--- YOUR ASSIGNMENT ---
Nothing outside the lines below from the one containing "Este conjunto de" through the one containing "Термокружка пластиковая с" is to be printed; print those exactly, ends included, and drop the pictures.

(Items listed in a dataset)
-- -- --
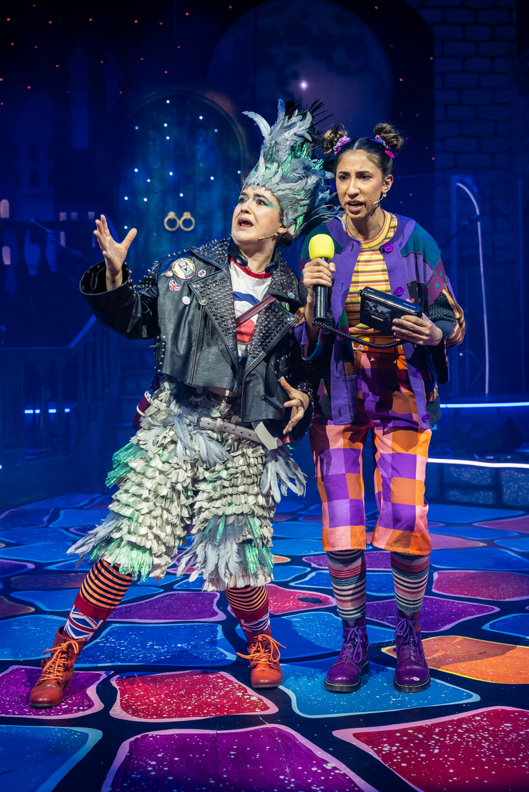 Stone’s known for shows and original music for Alice in Wonderland, Peter Pan, Hey Duggee Live, all recently; and made her directing debut Stalled at King’s Head Theatre. Though most of the music is pop standards, Stone composes a little original music here too. I wish she might have composed one or two more songs: they hug her plotline neatly and aren’t just slotted in. Still, panto needs its well-loved standards, and given her schedule, Stone mightn’t have had time.
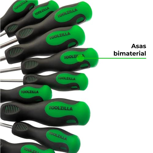 Este conjunto de chaves de fendas tem pontas magnéticas que o tornam adequado para segurar facilmente os parafusos que são utilizados com estes, por sua vez são feitos de folhas cromadas, têm indicação do tamanho de cada ponta no cabo, isto é ideal para saber em que situação cada uma delas deve ser utilizada. Por outro lado, eles têm bits padrão, Phillips e Pozidriv.
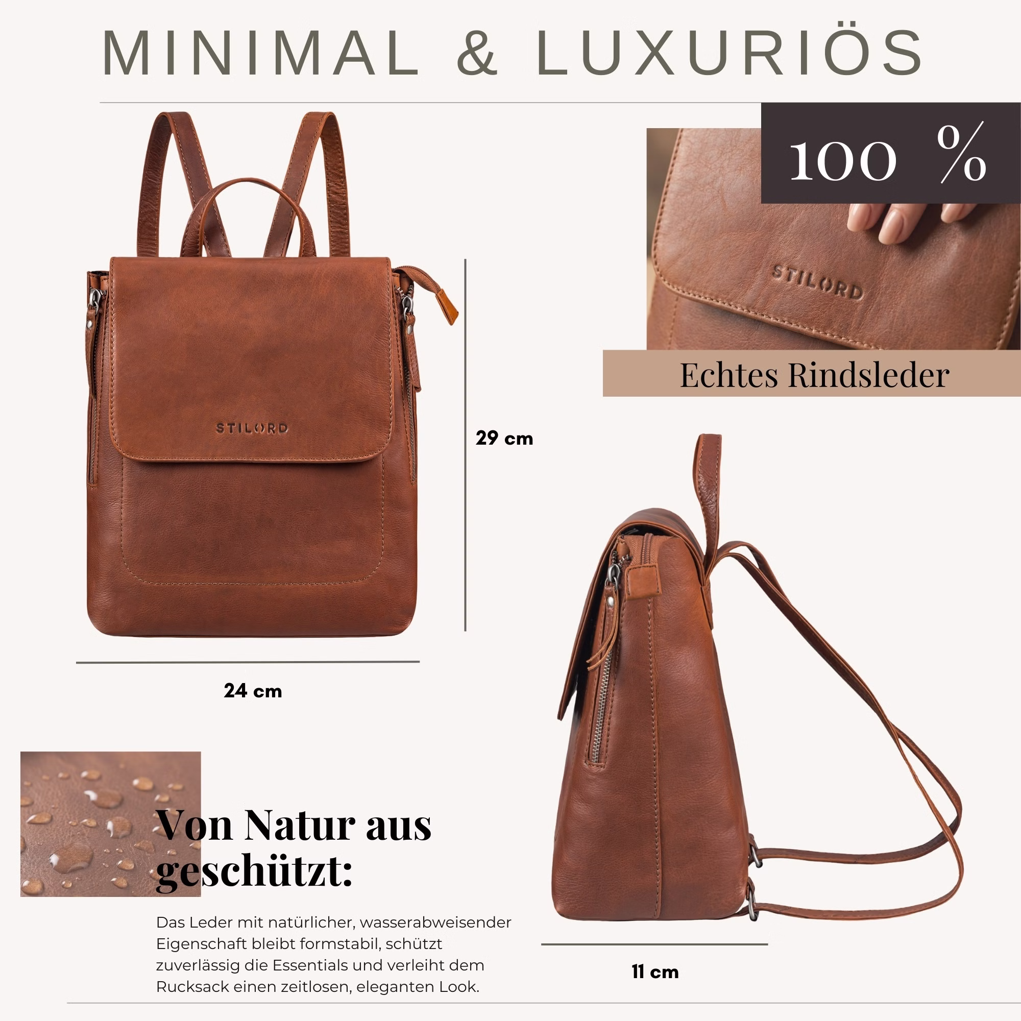 - Dimensiones (L x An x Al): aprox. 24 x 11 x 29 cm | Material: cuero vacuno auténtico | Peso: 735 gramos
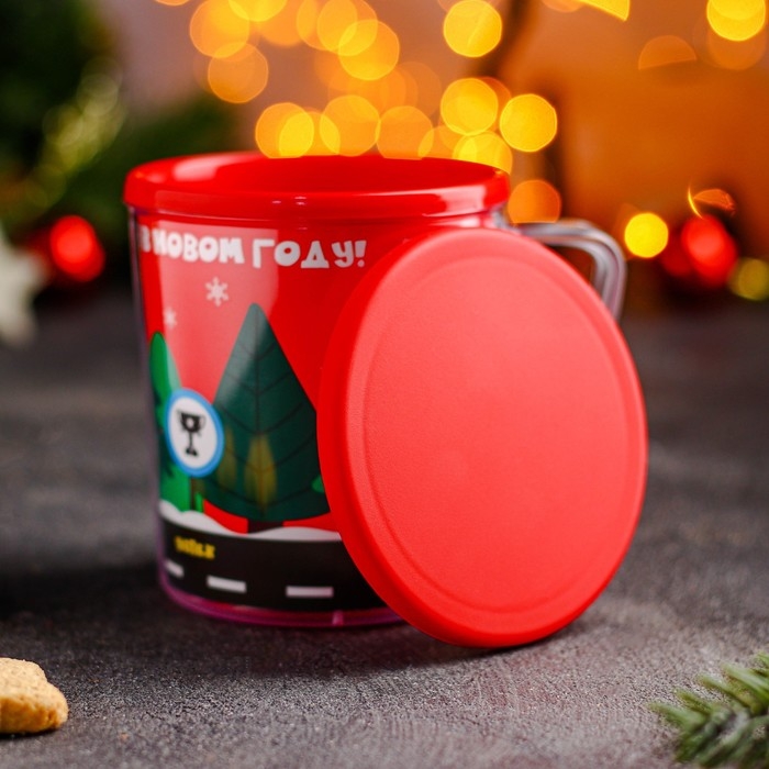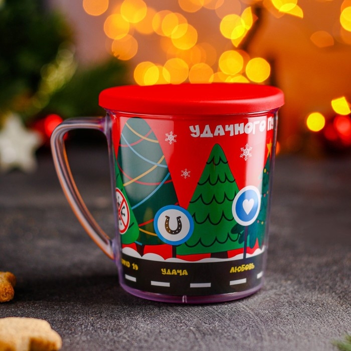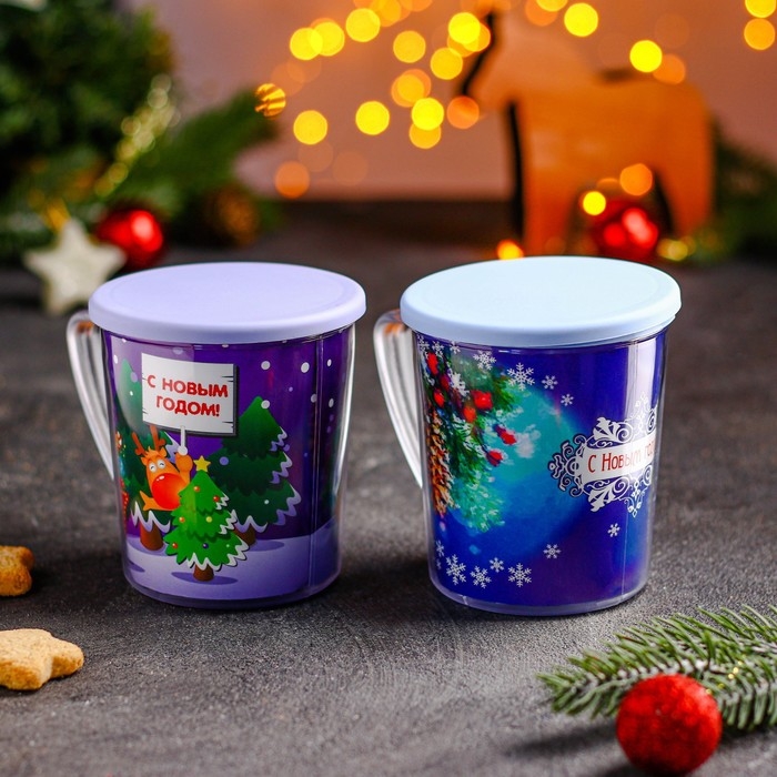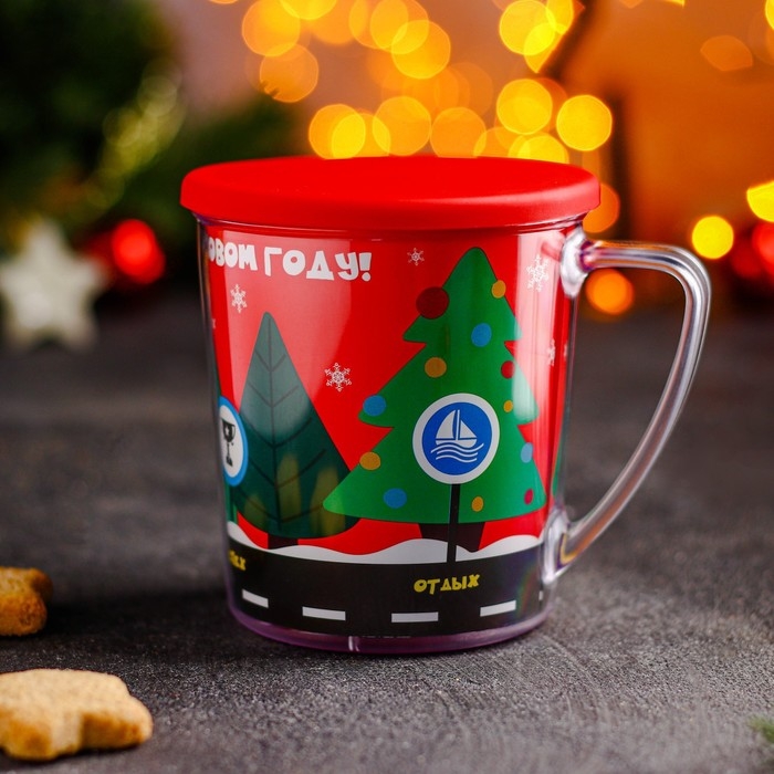Термокружка пластиковая с крышкой «С Новым годом!», 400 мл, рисунок МИКС
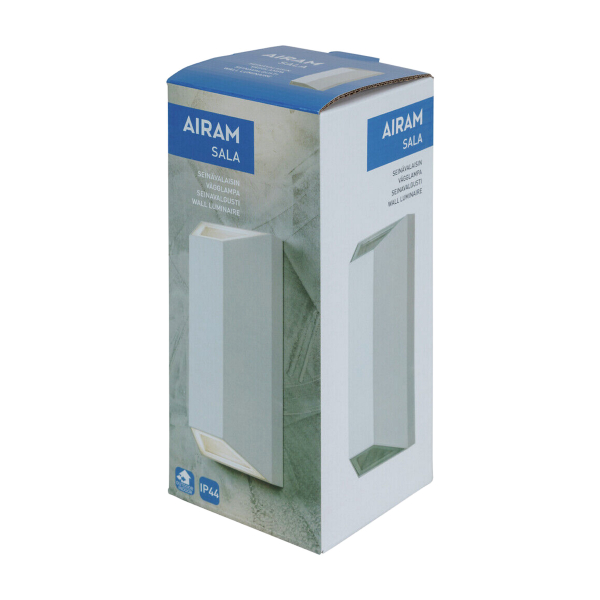 Airam Sala Double on pinta-asennettava seinävalaisin, joka valaisee kahteen suuntaan. Kompaktin kokonsa ansiosta valaisin sopii moneen paikkaan niin sisällä kuin ulkonakin, esimerkiksi valaisemaan terassia tai luomaan tunnelmaa kylpyhuoneeseen. Sala Double -valaisin toimii vaihdettavilla polttimoilla, minkä ansiosta valaisimeen voi valita mieleisen värilämpötilan, tehon sekä valokeilan. Valaisimeen tarvitaan kaksi GU10-kantaista polttimoa (ei sis.), saatavilla valkoisen tai harmaan värisenä.
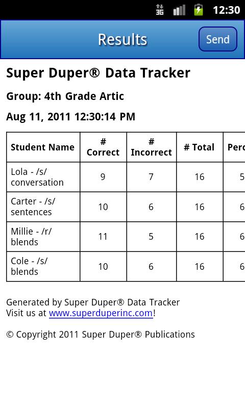 Spend more time treating and less time tracking with this easy to use app! The Super Duper® Data Tracker lets you document and monitor your student’s progress using your Android phone or tablet. Simply organize your students into groups. Then enter your student’s names and even their goals. Track incorrect and correct responses discretely and efficiently.
-- -- --
--- SOLUTION TO THIS PROBLEM ---
 Este conjunto de chaves de fendas tem pontas magnéticas que o tornam adequado para segurar facilmente os parafusos que são utilizados com estes, por sua vez são feitos de folhas cromadas, têm indicação do tamanho de cada ponta no cabo, isto é ideal para saber em que situação cada uma delas deve ser utilizada. Por outro lado, eles têm bits padrão, Phillips e Pozidriv.
 - Dimensiones (L x An x Al): aprox. 24 x 11 x 29 cm | Material: cuero vacuno auténtico | Peso: 735 gramos
Термокружка пластиковая с крышкой «С Новым годом!», 400 мл, рисунок МИКС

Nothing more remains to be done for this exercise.